While there may have been some instances in North America in which a male predator invaded a women’s restroom disguised as a woman, there are simply no credible reports of such a person having ever successfully avoided arrest or prosecution based on the defense that he was merely using the restroom that corresponded with his gender identity. That’s because such behavior is illegal everywhere and would have been illegal under the Charlotte ordinance. The mere fact that some troubled predator somewhere might think the law provides him cover to try such a thing doesn’t make it legal.

Here’s the problem, though: Despite its disconnect from the real world, the “bathroom predator” story continues to generate real and unreasoning fear in some people. While some politicians and others are clearly using this supposed problem in a cynical and manipulative way, some HB2 supporters/defenders really believe this stuff. They have convinced themselves that predators will attempt to use non-discrimination ordinances and laws as license to invade women’s restrooms for nefarious purposes or, at a minimum, that HB2 opponents are acting callously by failing to acknowledge the genuineness of the fear in some individuals.

One of the most interesting and illuminating developments in the debate over “bathroom predators” took place shortly after my parking lot debate, at a Legislative Building press conference held by Senate President Pro Tem Phil Berger. Berger, one of the leading champions of HB2, was asked by a reporter about the phenomenon of private businesses making clear that they will not apply the HB2 “birth certificate test.” As the reporter pointed out, if Senator Berger is so genuinely concerned about predatory men invading women’s restrooms, why did he craft HB2 to allow private businesses (the example given was the Target department store chain) to apply whatever rules they want?
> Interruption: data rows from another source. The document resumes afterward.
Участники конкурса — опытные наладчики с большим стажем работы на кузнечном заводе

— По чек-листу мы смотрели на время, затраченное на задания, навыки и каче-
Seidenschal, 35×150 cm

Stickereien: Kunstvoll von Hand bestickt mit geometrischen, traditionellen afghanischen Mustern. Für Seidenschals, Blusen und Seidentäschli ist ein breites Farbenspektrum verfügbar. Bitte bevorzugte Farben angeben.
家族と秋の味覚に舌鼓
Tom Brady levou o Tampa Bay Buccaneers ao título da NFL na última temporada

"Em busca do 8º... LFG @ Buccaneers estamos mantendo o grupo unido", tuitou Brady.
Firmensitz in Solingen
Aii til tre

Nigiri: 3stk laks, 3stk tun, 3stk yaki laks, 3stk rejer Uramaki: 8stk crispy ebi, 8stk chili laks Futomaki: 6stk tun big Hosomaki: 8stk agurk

In other words, if Berger and other supporters were truly sincere about being driven to guarantee safety for vulnerable women and girls, why didn’t they require all restrooms — public and private — to adhere to the birth certificate test? It was a fabulous question and Berger’s unconvincing answer — that free market forces and lawsuits brought by molested women and children would force businesses to rethink such policies — was laughably lame. By such “logic,” government could do away with airplane inspections and food safety rules too! After all, once a few planes went down or a few hundred people died from salmonella, airlines and food processors would adjust their behavior, right?
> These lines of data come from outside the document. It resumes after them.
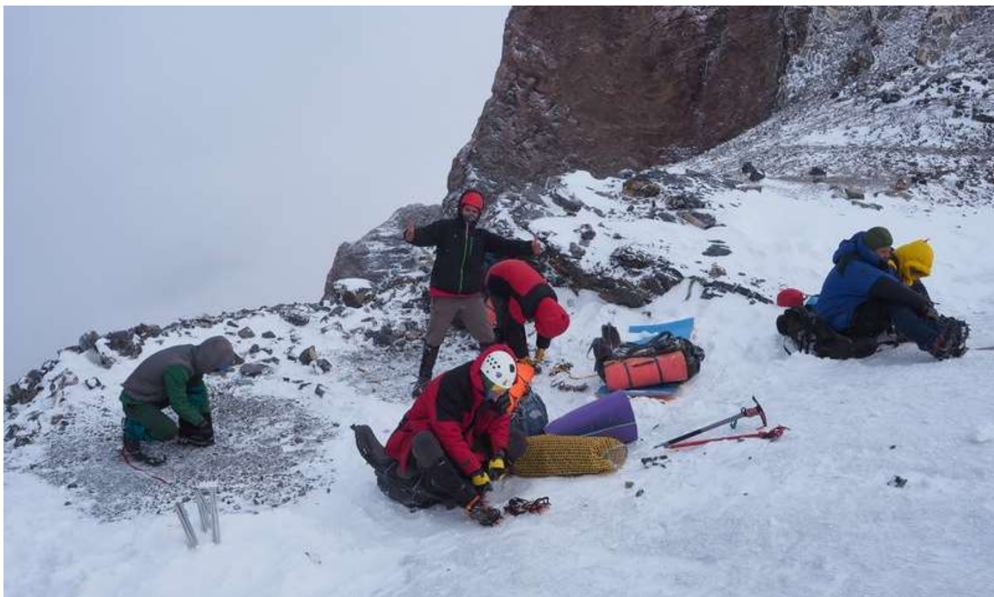
Рисунок 60 – Сбор лагеря на местах под палатки на пер.Мирали

Погоду так и не дождались, и, дабы не жертвовать остальной частью маршрута, было принято решение идти по запасному варианту маршрута. Как и предполагалось, по мере спуска погода все улучшалась, мы сидели в облаке, а к концу дня распогодилось совсем.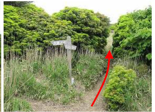
大崩ノ辻分岐を左に見て通過する。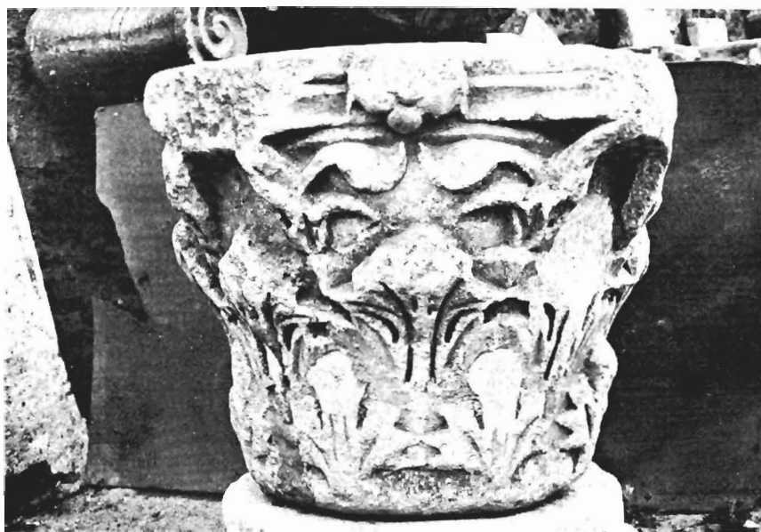
β. Κορινθιακό κιονόκρανο ΑΓ 17 (ἀρ. κατ. 4)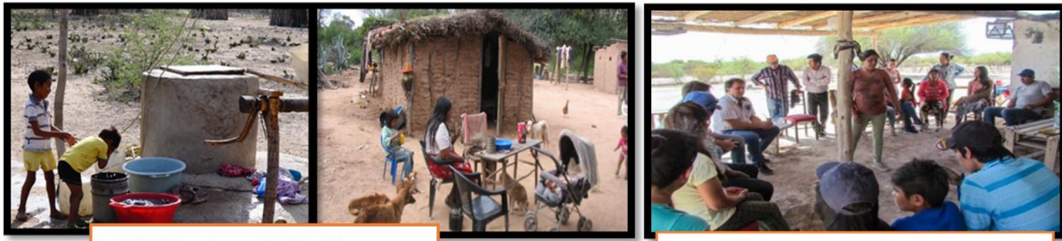
Habitantes de la "Laguna de Guanacache".

20) Observa las siguientes imágenes y responde: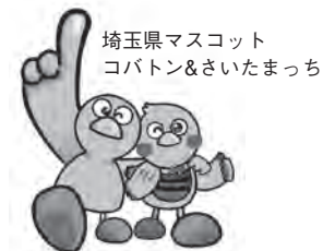
埼玉県マスコット コバトン&さいたまっちゃん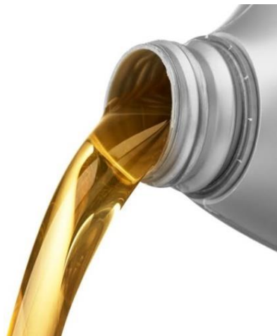
Gambar 23. Oli SAE 20W

Media pendingin yang di gunakan yaitu oli dengan SAE 20W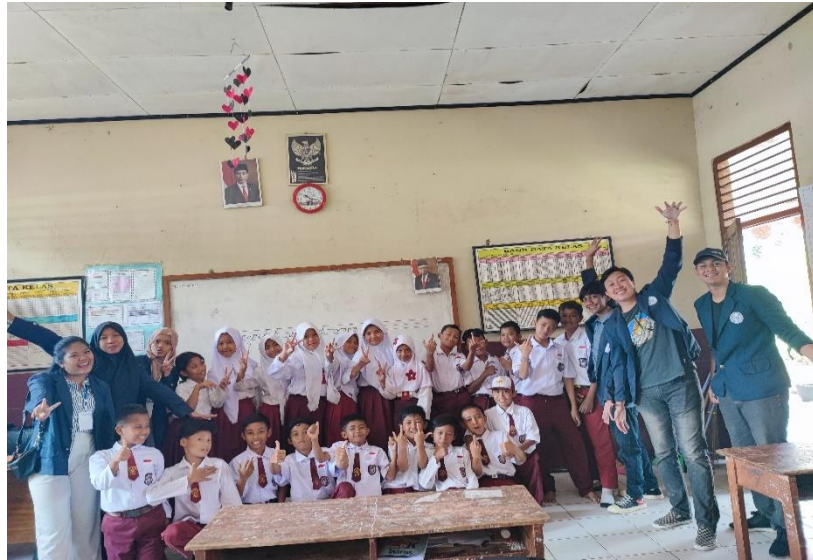
Gambar 16 Foto Bersama Murid-Murid

Clearly, the reporter’s question revealed a huge hole in the bathroom predator argument and Berger’s disingenuous use of it. The truth of the matter is that Berger and many other key architects of HB2 are not sincerely concerned about bathroom predators; to them the argument is merely a convenient tool to justify discrimination against LGBT people without publicly admitting their actual objective.

Rob Schofield is director of research at N.C. Policy Watch.